The pictures do not belong in the copy. Restate all of the records word for word.

┏━━

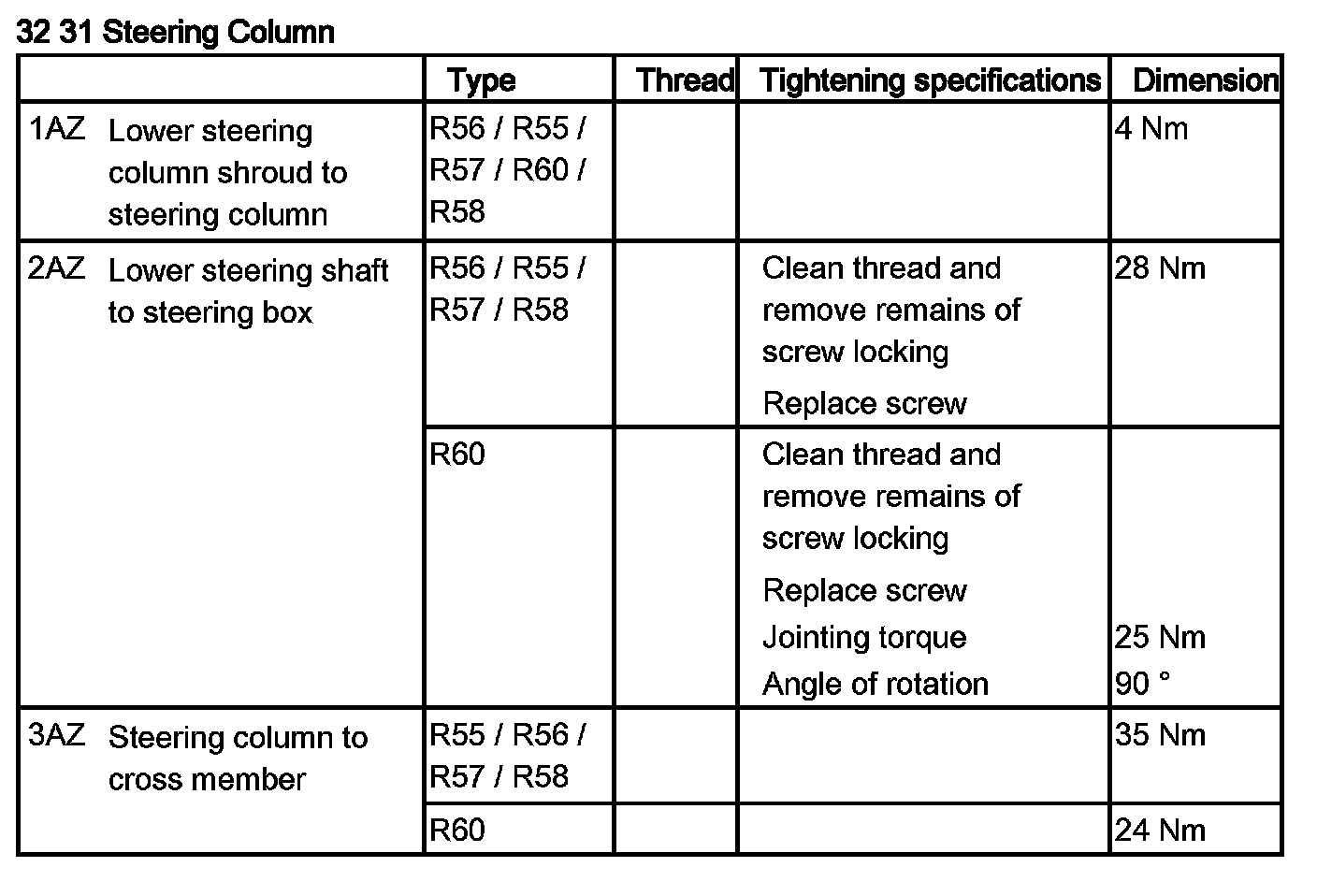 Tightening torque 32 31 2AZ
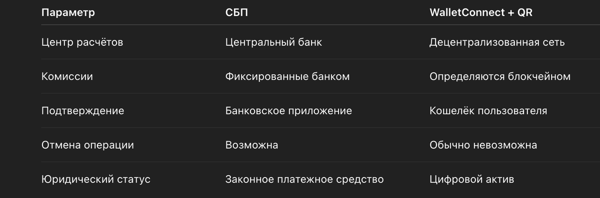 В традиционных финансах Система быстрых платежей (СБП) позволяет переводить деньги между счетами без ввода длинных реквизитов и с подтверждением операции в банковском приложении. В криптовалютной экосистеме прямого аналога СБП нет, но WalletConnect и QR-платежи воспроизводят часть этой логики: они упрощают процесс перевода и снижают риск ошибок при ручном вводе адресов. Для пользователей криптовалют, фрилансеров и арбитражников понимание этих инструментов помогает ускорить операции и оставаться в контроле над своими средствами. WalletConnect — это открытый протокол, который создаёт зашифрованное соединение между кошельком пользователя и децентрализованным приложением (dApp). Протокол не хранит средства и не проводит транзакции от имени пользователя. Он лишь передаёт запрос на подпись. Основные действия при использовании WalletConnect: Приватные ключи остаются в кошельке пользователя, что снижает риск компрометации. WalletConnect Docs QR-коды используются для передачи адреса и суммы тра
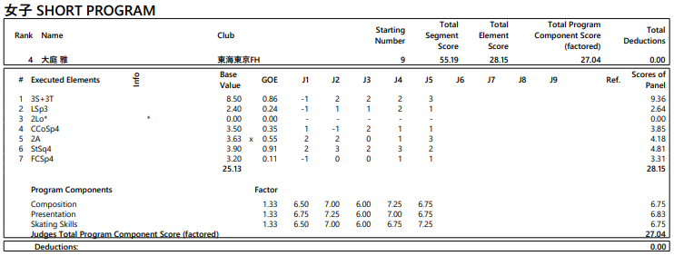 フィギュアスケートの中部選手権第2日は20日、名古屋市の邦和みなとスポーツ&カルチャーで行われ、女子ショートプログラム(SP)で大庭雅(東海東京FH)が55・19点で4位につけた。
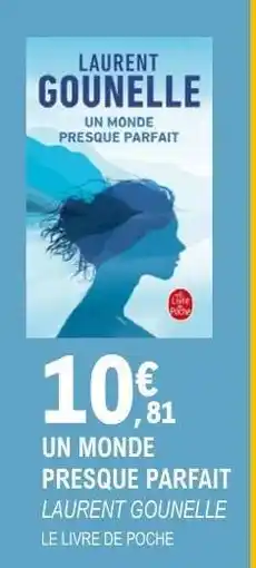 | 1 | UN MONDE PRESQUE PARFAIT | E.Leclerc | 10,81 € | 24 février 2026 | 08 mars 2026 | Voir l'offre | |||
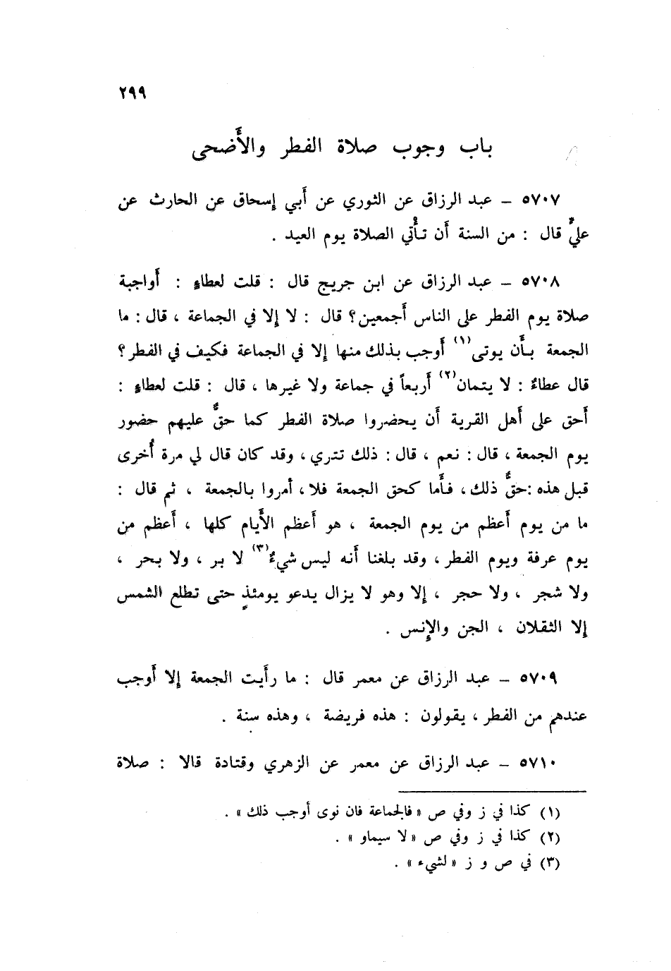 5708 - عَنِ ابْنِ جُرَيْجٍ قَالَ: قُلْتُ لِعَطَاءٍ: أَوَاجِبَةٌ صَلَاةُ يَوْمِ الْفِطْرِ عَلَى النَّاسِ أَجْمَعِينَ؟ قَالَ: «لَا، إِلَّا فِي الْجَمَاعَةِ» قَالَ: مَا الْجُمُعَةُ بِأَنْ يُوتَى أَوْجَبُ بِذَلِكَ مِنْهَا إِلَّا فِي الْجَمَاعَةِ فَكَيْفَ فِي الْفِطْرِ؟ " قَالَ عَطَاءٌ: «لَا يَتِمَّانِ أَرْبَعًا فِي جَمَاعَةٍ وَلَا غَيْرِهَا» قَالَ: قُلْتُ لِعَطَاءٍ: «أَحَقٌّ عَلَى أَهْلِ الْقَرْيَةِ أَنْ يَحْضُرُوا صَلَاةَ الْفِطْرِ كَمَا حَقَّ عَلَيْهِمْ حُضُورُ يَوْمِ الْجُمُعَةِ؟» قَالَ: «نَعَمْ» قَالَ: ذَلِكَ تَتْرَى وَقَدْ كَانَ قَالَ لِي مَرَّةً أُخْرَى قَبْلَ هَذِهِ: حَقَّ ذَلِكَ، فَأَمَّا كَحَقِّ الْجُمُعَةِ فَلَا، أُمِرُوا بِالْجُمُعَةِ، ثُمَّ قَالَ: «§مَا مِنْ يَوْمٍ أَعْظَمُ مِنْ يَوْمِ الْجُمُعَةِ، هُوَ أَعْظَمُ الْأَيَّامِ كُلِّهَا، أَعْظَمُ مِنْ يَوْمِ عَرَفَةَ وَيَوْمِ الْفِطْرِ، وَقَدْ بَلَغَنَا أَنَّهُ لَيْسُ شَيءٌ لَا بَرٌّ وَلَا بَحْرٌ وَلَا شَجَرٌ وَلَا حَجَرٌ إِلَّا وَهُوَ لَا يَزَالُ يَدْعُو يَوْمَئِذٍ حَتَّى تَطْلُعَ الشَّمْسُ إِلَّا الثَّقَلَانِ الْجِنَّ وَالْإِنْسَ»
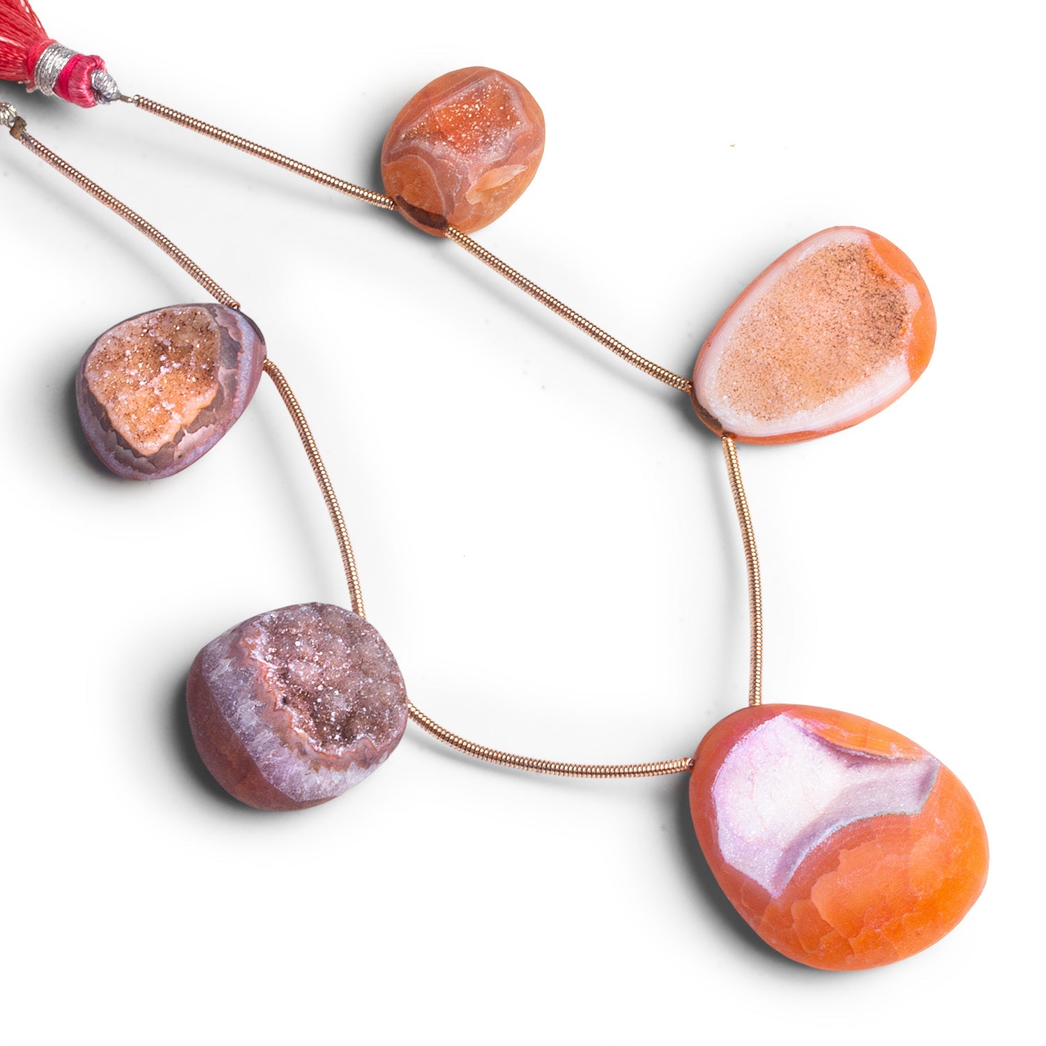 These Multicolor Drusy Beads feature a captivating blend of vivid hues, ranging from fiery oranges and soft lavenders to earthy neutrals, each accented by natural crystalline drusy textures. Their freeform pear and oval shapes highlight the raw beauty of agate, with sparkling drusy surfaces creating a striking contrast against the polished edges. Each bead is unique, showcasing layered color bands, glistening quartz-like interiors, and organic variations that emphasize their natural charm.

┗━━

## Your solution:
 Tightening torque 32 31 2AZ
 В традиционных финансах Система быстрых платежей (СБП) позволяет переводить деньги между счетами без ввода длинных реквизитов и с подтверждением операции в банковском приложении. В криптовалютной экосистеме прямого аналога СБП нет, но WalletConnect и QR-платежи воспроизводят часть этой логики: они упрощают процесс перевода и снижают риск ошибок при ручном вводе адресов. Для пользователей криптовалют, фрилансеров и арбитражников понимание этих инструментов помогает ускорить операции и оставаться в контроле над своими средствами. WalletConnect — это открытый протокол, который создаёт зашифрованное соединение между кошельком пользователя и децентрализованным приложением (dApp). Протокол не хранит средства и не проводит транзакции от имени пользователя. Он лишь передаёт запрос на подпись. Основные действия при использовании WalletConnect: Приватные ключи остаются в кошельке пользователя, что снижает риск компрометации. WalletConnect Docs QR-коды используются для передачи адреса и суммы тра
 フィギュアスケートの中部選手権第2日は20日、名古屋市の邦和みなとスポーツ&カルチャーで行われ、女子ショートプログラム(SP)で大庭雅(東海東京FH)が55・19点で4位につけた。
 | 1 | UN MONDE PRESQUE PARFAIT | E.Leclerc | 10,81 € | 24 février 2026 | 08 mars 2026 | Voir l'offre | |||
 5708 - عَنِ ابْنِ جُرَيْجٍ قَالَ: قُلْتُ لِعَطَاءٍ: أَوَاجِبَةٌ صَلَاةُ يَوْمِ الْفِطْرِ عَلَى النَّاسِ أَجْمَعِينَ؟ قَالَ: «لَا، إِلَّا فِي الْجَمَاعَةِ» قَالَ: مَا الْجُمُعَةُ بِأَنْ يُوتَى أَوْجَبُ بِذَلِكَ مِنْهَا إِلَّا فِي الْجَمَاعَةِ فَكَيْفَ فِي الْفِطْرِ؟ " قَالَ عَطَاءٌ: «لَا يَتِمَّانِ أَرْبَعًا فِي جَمَاعَةٍ وَلَا غَيْرِهَا» قَالَ: قُلْتُ لِعَطَاءٍ: «أَحَقٌّ عَلَى أَهْلِ الْقَرْيَةِ أَنْ يَحْضُرُوا صَلَاةَ الْفِطْرِ كَمَا حَقَّ عَلَيْهِمْ حُضُورُ يَوْمِ الْجُمُعَةِ؟» قَالَ: «نَعَمْ» قَالَ: ذَلِكَ تَتْرَى وَقَدْ كَانَ قَالَ لِي مَرَّةً أُخْرَى قَبْلَ هَذِهِ: حَقَّ ذَلِكَ، فَأَمَّا كَحَقِّ الْجُمُعَةِ فَلَا، أُمِرُوا بِالْجُمُعَةِ، ثُمَّ قَالَ: «§مَا مِنْ يَوْمٍ أَعْظَمُ مِنْ يَوْمِ الْجُمُعَةِ، هُوَ أَعْظَمُ الْأَيَّامِ كُلِّهَا، أَعْظَمُ مِنْ يَوْمِ عَرَفَةَ وَيَوْمِ الْفِطْرِ، وَقَدْ بَلَغَنَا أَنَّهُ لَيْسُ شَيءٌ لَا بَرٌّ وَلَا بَحْرٌ وَلَا شَجَرٌ وَلَا حَجَرٌ إِلَّا وَهُوَ لَا يَزَالُ يَدْعُو يَوْمَئِذٍ حَتَّى تَطْلُعَ الشَّمْسُ إِلَّا الثَّقَلَانِ الْجِنَّ وَالْإِنْسَ»
 These Multicolor Drusy Beads feature a captivating blend of vivid hues, ranging from fiery oranges and soft lavenders to earthy neutrals, each accented by natural crystalline drusy textures. Their freeform pear and oval shapes highlight the raw beauty of agate, with sparkling drusy surfaces creating a striking contrast against the polished edges. Each bead is unique, showcasing layered color bands, glistening quartz-like interiors, and organic variations that emphasize their natural charm.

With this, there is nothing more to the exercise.